War signified that he didn't understand how she could not understand. Two men had pitted their lives against a greater, better-armed force to defend those they loved. They had risked much and lost much. Their skill and daring had won a great victory.
"One man, really," Mercy said.
War disagreed. If it were not for Rokhlenu, Morlock would have slept through the attack in a drunken stupor. He displayed the visualization to her.
Mercy was forced to acknowledge this truth. "But many died for that victory," she pointed out.

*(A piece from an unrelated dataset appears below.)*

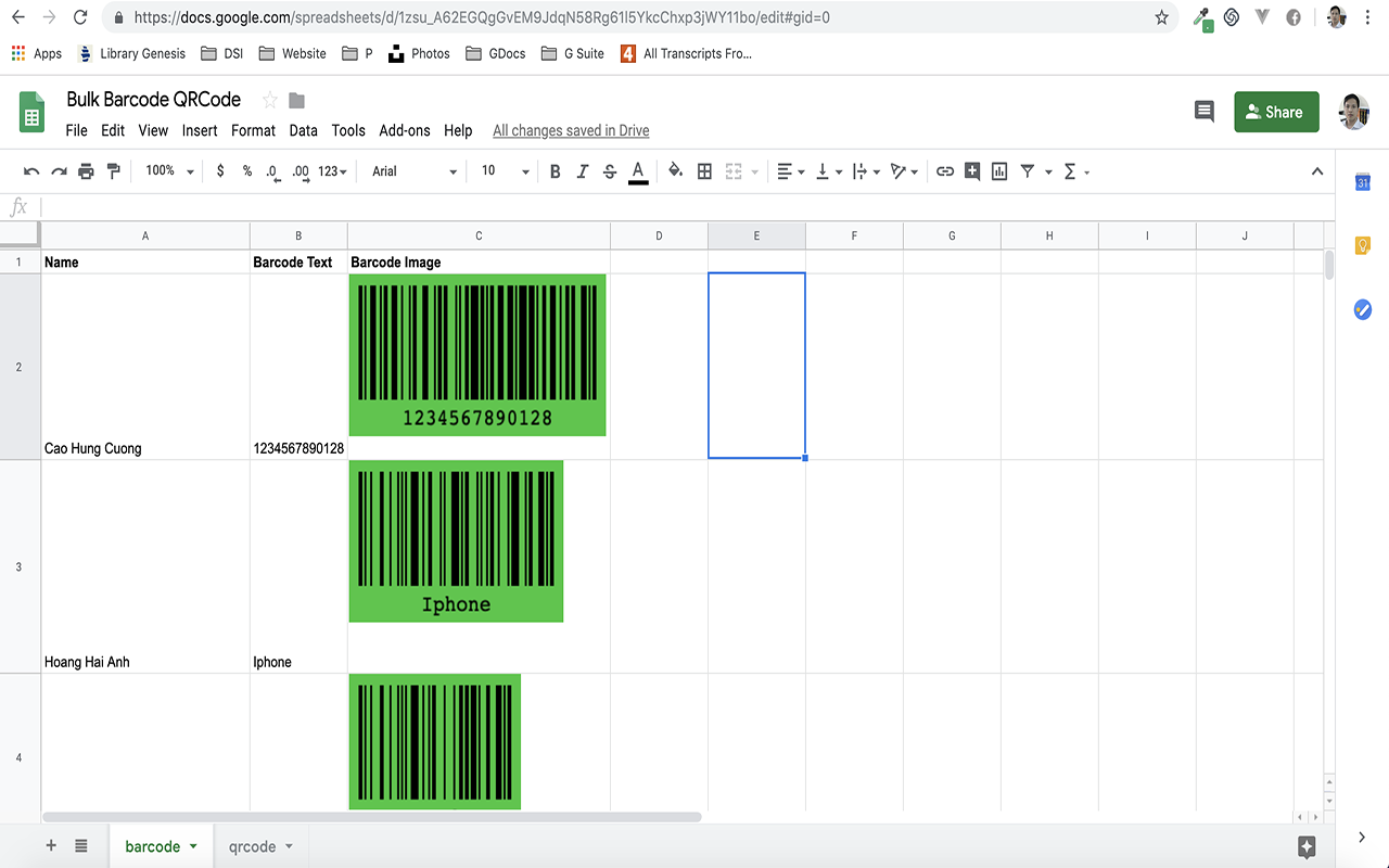 Bulk QR Code Generator makes barcode, QR Code creation really easy and quick, you create and insert all of them with a single click. Features: + Bulk QR Codes Generator generates ten thousands QR Codes and Barcodes and more with very high performance + Support more than 100 barcodes type including Point Of Sale, Two-dimensional symbols, One-dimensional symbols, Supply Chain, GS1 DataBar, Postal Symbols, Pharmaceutical Symbols, Less-used Symbols, GS1 Composite Symbols, Raw Symbols, Partial Symbols, for example GS1 Data Matrix + Customize barcode attributes such as format, value, color, label, label font,... + Bulk QRCode Generator can customize QRCode attributes such as content, fill color, background color, label, label position, label font, image, ... + If your QRCode contains a website URL, you can track how many users click using Bitly or Google Analytics™ (please view https://www.youtube.com/watch?v=HZ0w1_Xsj6I&t=1s for how to track) + Bulk Barcodes Generator generates barcodes and QR Code images into Sheet™ and print them online + You can change the QRCodes position (top, middle, and bottom) in the pdf file + Bulk Barcode generator supports two lines, multiple lines barcode. For example, you want to print two lines, insert \n between two lines, for instance example\n123 + Insert branded logo, image into QR Code + Preview and download them as PDF format. You can add description below QR in the PDF file + Create dynamic QR using bit.ly in your link + If QR Code label is too long, please choose Mode "1-Label-Strip" and Error Correction Level "High" + Bulk Barcodes generator supports multiple languages + Support save setting so you can generate bulk QRCodes and barcode quickly + If you want to download QR Code and barcode images, and want send them to customers via email, please use this mail merge add on https://gsuite.google.com/marketplace/app/mail_merge_bulk_barcode_qr_code_generato/234818586746 . This mail merge tool requires permission to access your Google Drive™ and some other scopes for sending emails + Bulk Barcode generator supports all paper size including A3, A4, A5, etc + During the trial period, you can generate codes with a limited number of scans (set randomly for each trial). This allows you to experience the features and benefits of our add-on at no cost. + To enjoy unlimited scans and unlock the full potential of the add-on, we invite you to upgrade to the premium version. Troubleshooting: + If you don't see the popup window when generating or printing QR, please check your browser. It seems that browser is blocking the popup window. We highly recommend to use the Chrome. + If you see this warning "ScriptError: Authorization is required to perform that action", please follow this link https://www.2hac.com/faq/authorization-is-required-to-perform-that-action/ to fix this issue + If you only see help menu after installing, please follow this link https://www.2hac.com/help/how-to-fix-only-help-menu-issue/ to uninstall and reinstall the addon For scanning QR and barcode, we highly recommend using the Iphone Camera app if you have been using Iphone or Ipad. For Android phone, we recommend using the Google Lens™ app https://play.google.com/store/apps/details?id=com.google.ar.lens&hl=en Resources and Tutorials ------------------------------------ ➩ YouTube video tutorial: https://www.youtube.com/watch?v=HZ0w1_Xsj6I&list=PLk31adfFOxDHPDpMlg33sjOSdtfi4AaFH ➩ Help: https://www.2hac.com/help/index.html ➩ Email Support: 2hacstudio@gmail.com

War observed that more would have died if the outlier settlement had burned to the ground. Mercy for the airship crews was death for the outliers.
"I know," Mercy replied. It was the sort of paradox which made her the weakest of the Strange Gods and War one of the strongest.
War ceased to manifest himself. Mercy, too, departed for another spacetime locus.
Morlock's heart felt relief at the absence of Strange Gods, although he had not been aware of their presence. He dropped the height of the airship almost to ground level and reduced the impulse light until the airship slowed almost to a walking speed. He drifted past the entrance to his cave to the silver-laden waste fields over the hill's shoulder. He set the airship down there, diminishing the intensity of the lens-foci and completely closing the irises.
The fabric skin of the ship sagged from its skeletal framework. Morlock hauled the barrel containing the moonstone off its disk and threw it down to the ground. He jumped down after it and rolled it downslope until he reached the curtain of fabric at the chamber wall. He slashed through it with the ease of practice, though by now he was very weary, and trundled the moonstone barrel through the opening into the warm humid night air, dragging it all the way back to his cave. There it was as safe as he could make it.
Hlupnafenglu and Hrutnefdhu were not in his cave, which he found disappointing, but also something of a relief. He bent over to pick up the bowl of wine he had set down on the cave floor before he had left. He sat down then, wearily but carefully, so that he would not spill the wine. Then he drank the wine.